Meeting the bakers and seeing the bread baking process was, without a doubt, the highlight of our stay at Green Gulch. In addition to Green Gulch being a lettuce and greens paradise, it is closely affiliated with Tassajara, the first Zen training monastery outside Japan. Tassajara rest at the end of a sixteen mile long dirt road within the Ventana Wilderness, located just southeast of Carmel-by-the-Sea. The Tassajara Bread Book has inspired renowned and novice bakers and chefs for over thirty years, and in turn helped shape artisanal bread baking in the United States.

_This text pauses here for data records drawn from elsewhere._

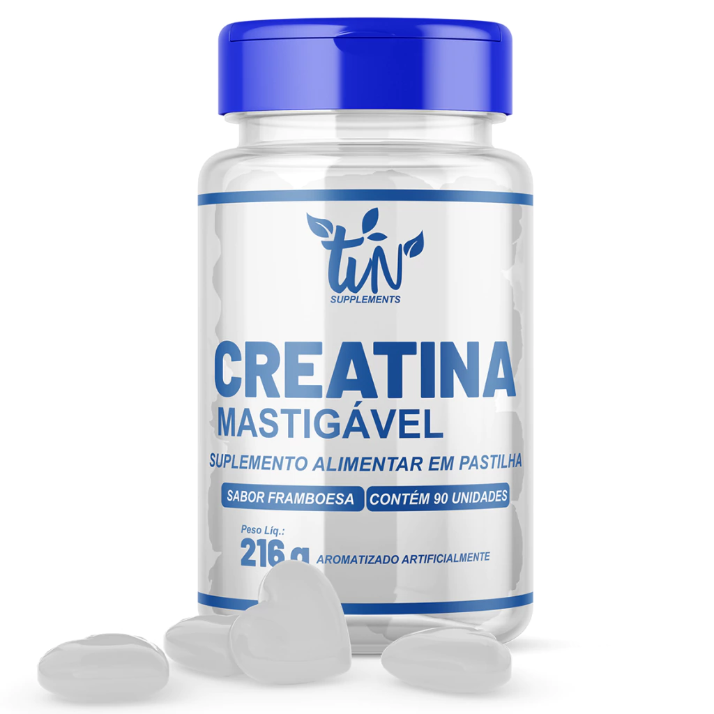 💗 Creatina Mastigável – Sabor Framboesa | 90 Corações por Pote
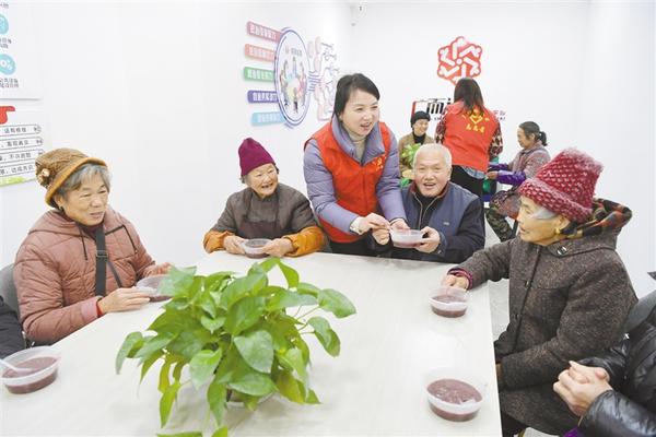 1月10日,党员志愿者为老人们分发腊八粥。
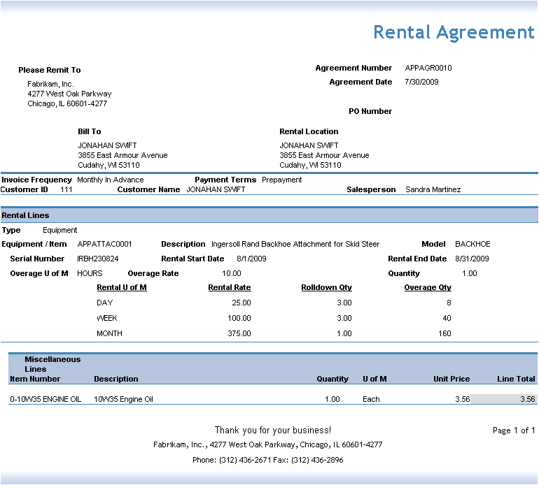 This report is used to detail a rental agreement, including miscellaneous rental lines and any standdown information from the Rental Agreement Standdown Lines subreport. By default, billed information is included on the report; you may select to include billed information if you are printing this report for internal use or to send to a customer to confirm rental rates and totals, or you may elect to hide billed information if you are printing this report as a contract to send to a customer.
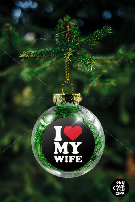 I Love my Wife, Transparent Christmas tree ball ornament with green filling 8cm
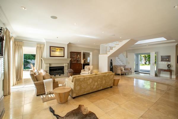 The main entrance has a large double volume lounge with a fireplace and a stately staircase leading upstairs to the four bedrooms. Off the entrance lounge are two separate lounges, a casual pool lounge and a TV lounge, which lead out onto the covered patio and pool area.
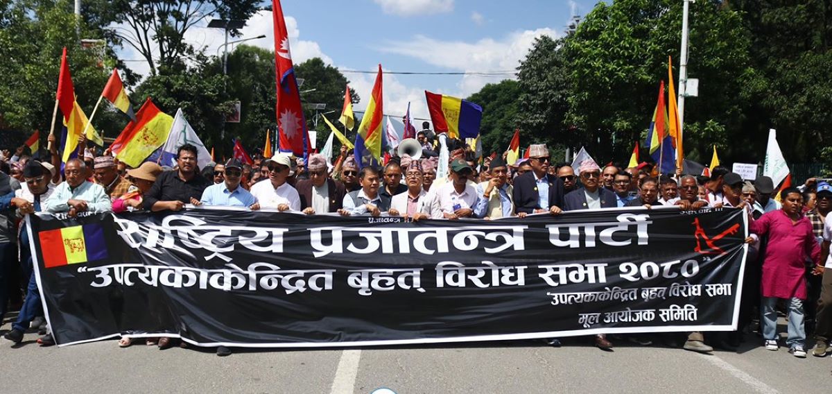 काठमाडाैं । सरकारसमक्ष राष्ट्रियता, विकास, सुशासन, सेवाप्रवाह र जनजीविकासँग सम्बन्धित विभिन्न ४० बॅुदे मागपत्र पेश गरेर आन्दोलनमा होमिएको राप्रपाले चैत २७ गते काठमाण्डौं केन्द्रीत जनप्रदर्शन गर्दै छ।
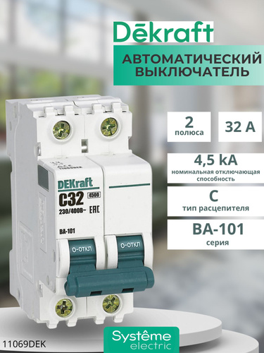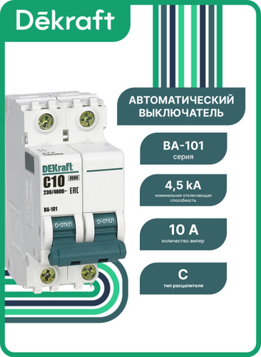 Авт. выкл. DEKraft 2Р 10А х-ка C ВА-101 4,5кА, 11065DEK
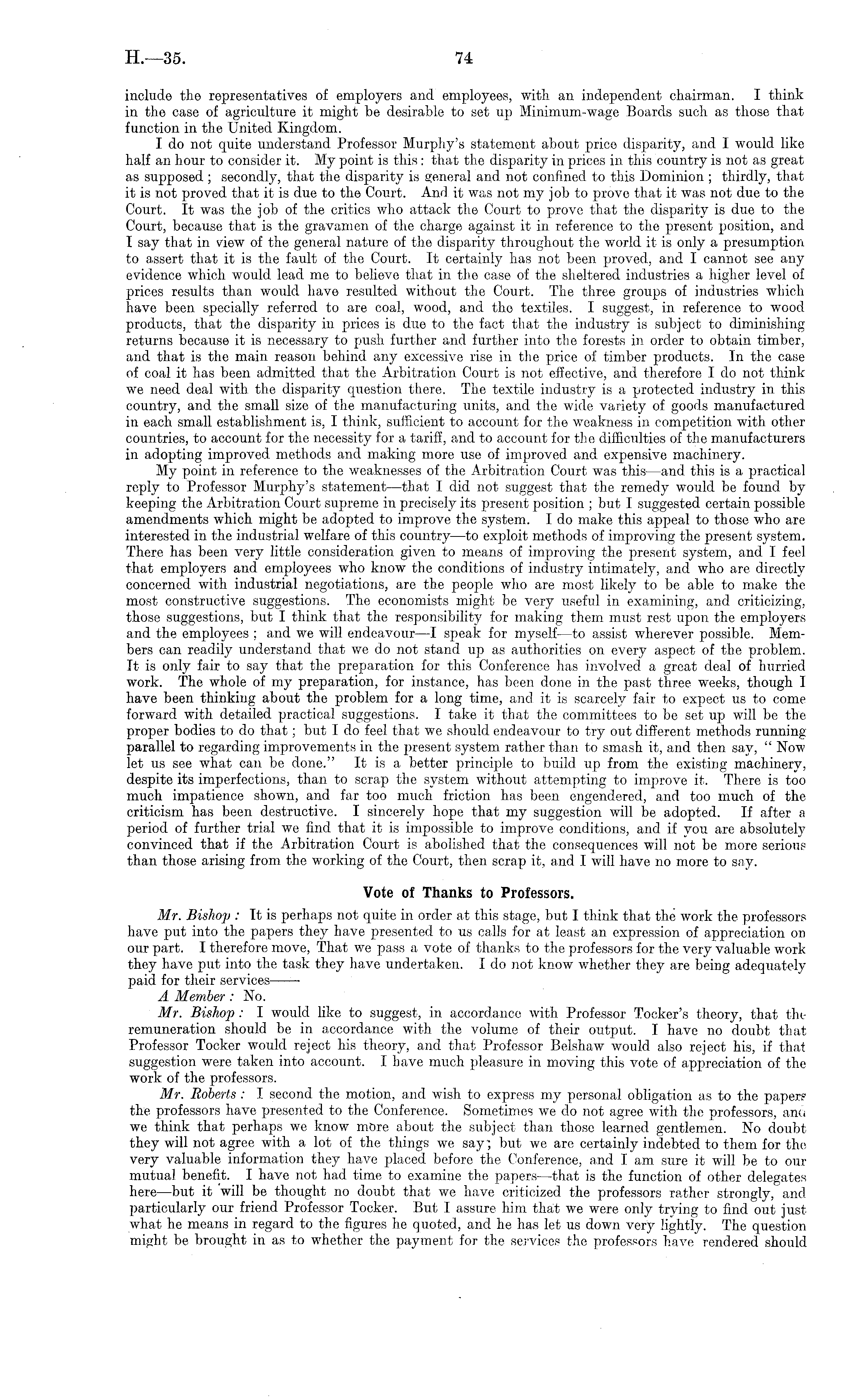 include the representatives of employers and employees, with, an independent chairman. I think in the case of agriculture it might be desirable to set up Minimum-wage Boards such as those that function in the United Kingdom. I do not quite understand Professor Murphy's statement about price disparity, and I would like half an hour to consider it. My point is this : that the disparity in prices in this country is not as great as supposed ; secondly, that the disparity is general and not confined to this Dominion ; thirdly, that it is not proved that it is due to the Court. And it was not my job to prove that it was not due to the Court. It was the job of the critics who attack the Court to prove that the disparity is due to the Court, because that is the gravamen of the charge against it in reference to the present position, and I say that in view of the general nature of the disparity throughout the world it is only a presumption to assert that it is the fault of the Court. It certainly has not been proved, and I cannot see any evidence which would lead me to believe that in the case of the sheltered industries a higher level of prices results than would have resulted without the Court. The three groups of industries which have been specially referred to are coal, wood, and the textiles. I suggest, in reference to wood products, that the disparity in prices is due to the fact that the industry is subject to diminishing returns because it is necessary to push further and further into the forests in order to obtain timber, and that is the main reason behind any excessive rise in the price of timber products. In the case of coal it has been admitted that the Arbitration Court is not effective, and therefore I do not think we need deal with the disparity question there. The textile industry is a protected industry in this country, and the small size of the manufacturing units, and the wide variety of goods manufactured in each small establishment is, I think, sufficient to account for the weakness in competition with other countries, to account for the necessity for a tariff, and to account for the difficulties of the manufacturers in adopting improved methods and making more use of improved and expensive machinery. My point in reference to the weaknesses of the Arbitration Court was this—and this is a practical reply to Professor Murphy's statement —that I did not suggest that the remedy would be found by keeping the Arbitration Court supreme in precisely its present position ; but I suggested certain possible amendments which might be adopted to improve the system. Ido make this appeal to those who are interested in the industrial welfare of this country —to exploit methods of improving the present system. There has been very little consideration given to means of improving the present system, and I feel that employers and employees who know the conditions of industry intimately, and who are directly concerned with industrial negotiations, are the people who are most likely to be able to make the most constructive suggestions. The economists might be very useful in examining, and criticizing, those suggestions, but I think that the responsibility for making them must rest upon the employers and the employees ; and we will endeavour —I speak for myself—to assist wherever possible. Members can readily understand that we do not stand up as authorities on every aspect of the problem. It is only fair to say that the preparation for this Conference has involved a great deal of hurried work. The whole of my preparation, for instance, has been done in the past three weeks, though I have been thinking about the problem for a long time, and it is scarcely fair to expect us to come forward with detailed practical suggestions. I take it that the committees to be set up will be the proper bodies to do that; but Ido feel that we should endeavour to try out different methods running parallel to regarding improvements in the present system rather than to smash it, and then say, " Now let us see what can be done." It is a better principle to build up from the existing machinery, despite its imperfections, than to scrap the system without attempting to improve it. There is too much impatience shown, and far too much friction has been engendered, and too much of the criticism has been destructive. I sincerely hope that my suggestion will be adopted. If after a period of further trial we find that it is impossible to improve conditions, and if you are absolutely convinced that if the Arbitration Court is abolished that the consequences will not be more serious than those arising from the working of the Court, then scrap it, and I will have no more to say. Vote of Thanks to Professors. Mr. Bishop: It is perhaps not quite in order at this stage, but I think that the work the professors have put into the papers they have presented to us calls for at least an expression of appreciation on our part. I therefore move, That we pass a vote of thanks to the professors for the very valuable work they have put into the task they have undertaken. Ido not know whether they are being adequately paid for their services—— A Member : No. Mr. Bishop : I would like to suggest, in accordance with Professor Tocker's theory, that the remuneration should be in accordance with the volume of their output. I have no doubt that Professor Tocker would reject his theory, and that Professor Belshaw would also reject his, if that suggestion were taken into account. I have much pleasure in moving this vote of appreciation of the work of the professors. Mr. Roberts : I second the motion, and wish to express my personal obligation as to the paper? the professors have presented to the Conference. Sometimes we do not agree with the professors, anu we think that perhaps we know rnbre about the subject than those learned gentlemen. No doubt they will not agree with a lot of the things we say- but we are certainly indebted to them fo
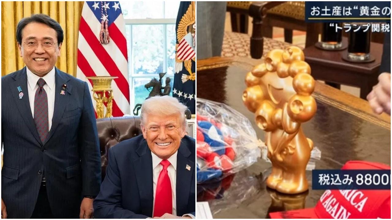 照片同時拍到在特朗普的辦公桌上,擺放著赤澤亮正致贈的大阪關西世博會吉祥物「脈脈」的金色「錢罌」。據日本媒體報道,錢罌是中國製造,售價為8,800日圓,約合480港元。
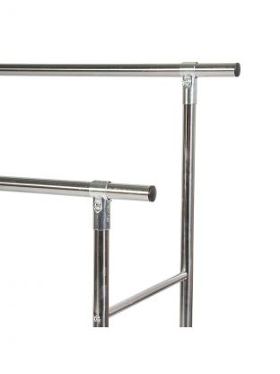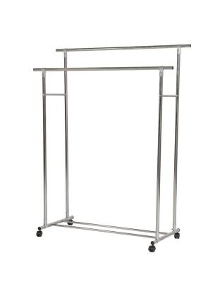 Ширина — 120х100 см, глубина — 50 см, высота — 150 см. Материал — металл, цвет — серебристый. Конструкция без крючков, с рейлами для одежды, брюк, юбок, шарфов, ремней и галстуков.
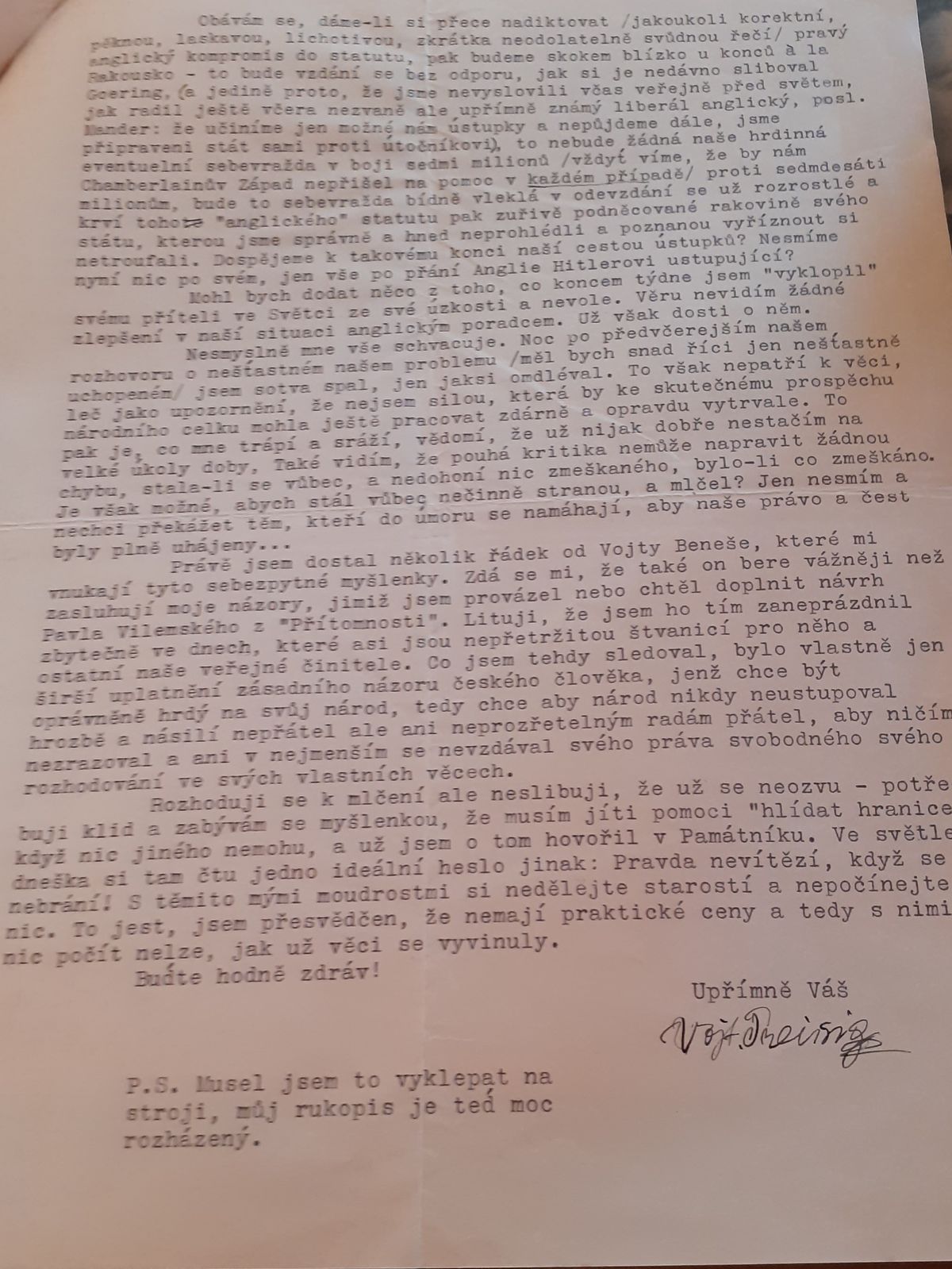 Jen několik týdnů před mnichovským diktátem napsal Vojtěch Preissig dopis Janu Týmlovi. Přiznal obavy ze situace v Československu a z postoje Velké Británie k požadavkům Hitlera.
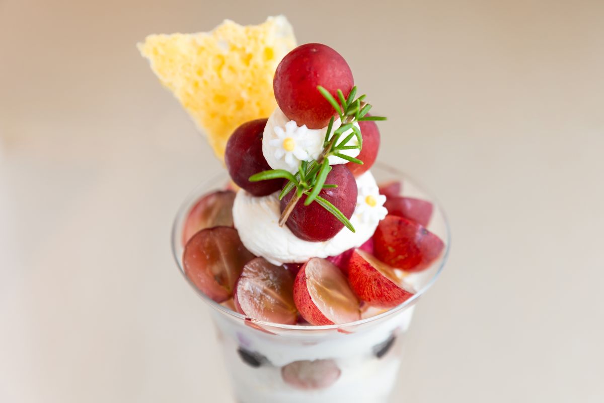 春はイチゴ、夏はメロンなど、旬の食材を使った季節ごとの限定パフェが登場するのも、この店の魅力。こちらはブドウをたっぷりトッピングした秋限定のパフェです。
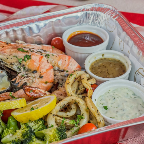 The platter is accompanied by two delectable sauces a rich, aromatic garlic sauce for savoury depth, and a zesty lemon herb sauce that adds a bright, citrusy lift. Perfect for sharing or indulging in a hearty, flavour-packed seafood experience. Serves (5-6 pax)
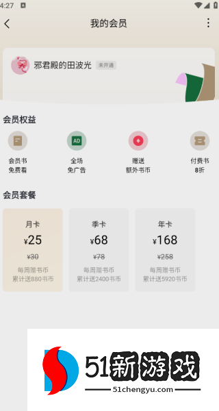 4、进入会员激活界面,我们可以看到不同阶段的会员价格。选择会员模式,付款后即可激活,享受专属特权!
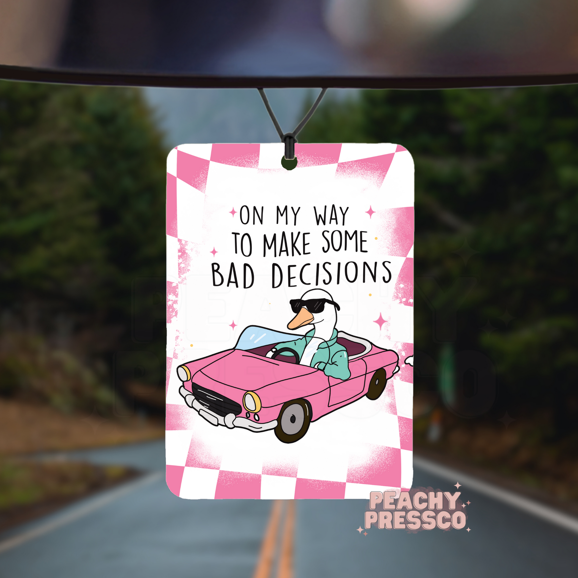 Bad Decisions Duck Car Air Freshener – Funny Pink Retro Aesthetic Auto Accessory
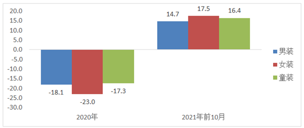 数据来源:中华全国商业信息中心 图表7:2020年、2021年前10月全国重点大型零售企业男装、女装、童装零售额增速(%)
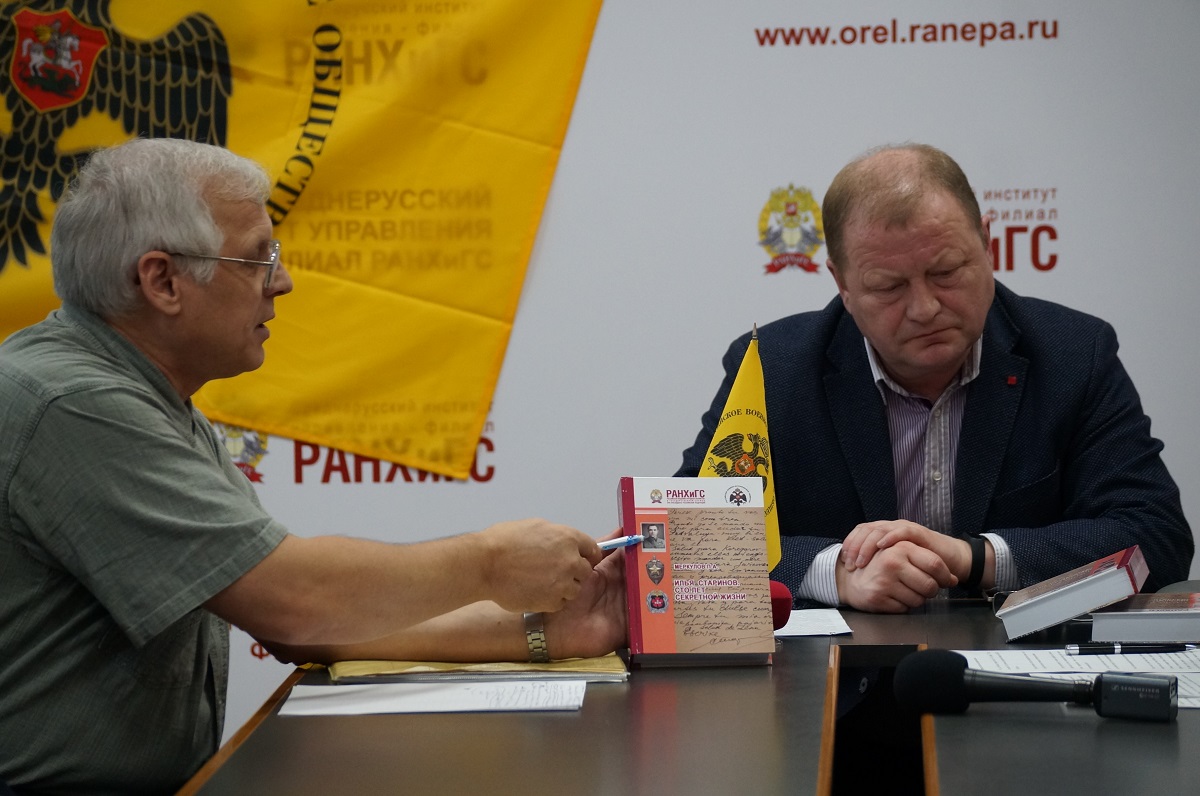 Сегодня в Орле прошла презентация книги Павла Меркулова «Илья Старинов. Сто лет секретной жизни». Мероприятие приурочено к 100-летию органов госбезопасности. Издание подготовлено совместными усилиями Российского военно-исторического общества и Среднерусского института управления – филиала РАНХиГС. В книге использованы рассекреченные документы, многие их которых опубликованы впервые.
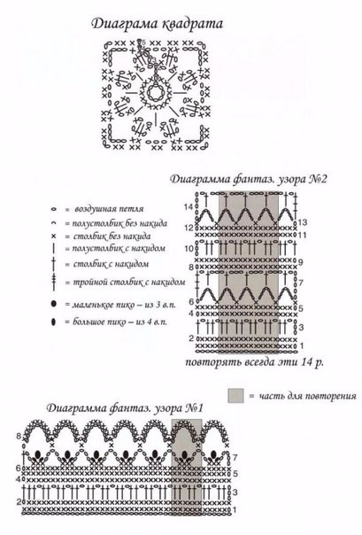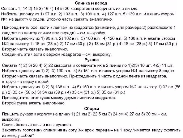Низ спинки, переда и рукавов пуловера, а также вырез горловины украшает ряд из квадратных мотивов. Края пуловера обвязаны кружевным фантазийным узором. "Бохо" стиль подразумевает использование природных, натуральных материалов, поэтому пуловер связана из хлопковой пряжи.
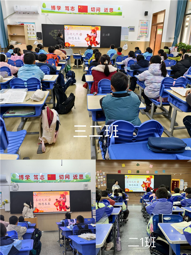 各班级在教室内开展了统一主题、形式活泼的班会活动。班会以生动有趣的“骏马”形象贯穿始终,寓教于乐。老师们通过引导孩子们认识生肖文化、学习马的精神品格,帮助同学们回望过去一年的成长足迹,并学习如何珍惜时间、管理自我。班会高潮部分,同学们畅谈新年愿望,并在老师的带领下庄严宣誓,立志在新的一年里如骏马般奋发向上,争做有目标、有毅力的好少年。班会现场气氛热烈,充满了对新年的期盼与向往。

During our visit at Green Gulch, Marianne and I sat and ate breakfast around the wooden, family-style table in the dining hall. We wondered about the possibility of photographing the incredible kitchen. Once we cleaned our dishes, we walked valiantly into the kitchen and waited quietly until we were given permission to photo. We watched as the kitchen crew functioned like a well-oiled machine, working among the fresh farm vegetables and multiple jars of grain. An assortment of pots, pans, and utensils dangled from their hooks, also ready to be of service. With all the activity, we tried to stay out of the way and walked into a storage area, that led us into the bread kitchen. There, we were greeted by Mick Sopko, the friendly head baker of Green Gulch. His hands speckled with flour, he invited us in and introduced himself along with his assistant, then kindly let us photograph the masterful art of bread making. It was wonderful! The ease and precision that Mick portrays while kneading and monitoring the bread conveys his years of experience. A true master. Before we left, as we were in no hurry, Mick pulled out one of his bread books, Tartine Bread, and showed us some of his favorite bread illustrations. He asked if we had visited Tartine. We laughed and told him about previous visits and our plan of eating lunch there that day!
Bread baking is another one of the extraordinary things that Green Gulch provides. I will be participating in the 'fundamentals in bread baking' class this June for my birthday! So, if you feel inspired and hungry for bread, please join me at Green Gulch.
A huge thank you to Mick for his hospitality and for allowing us to capture the true art of bread making.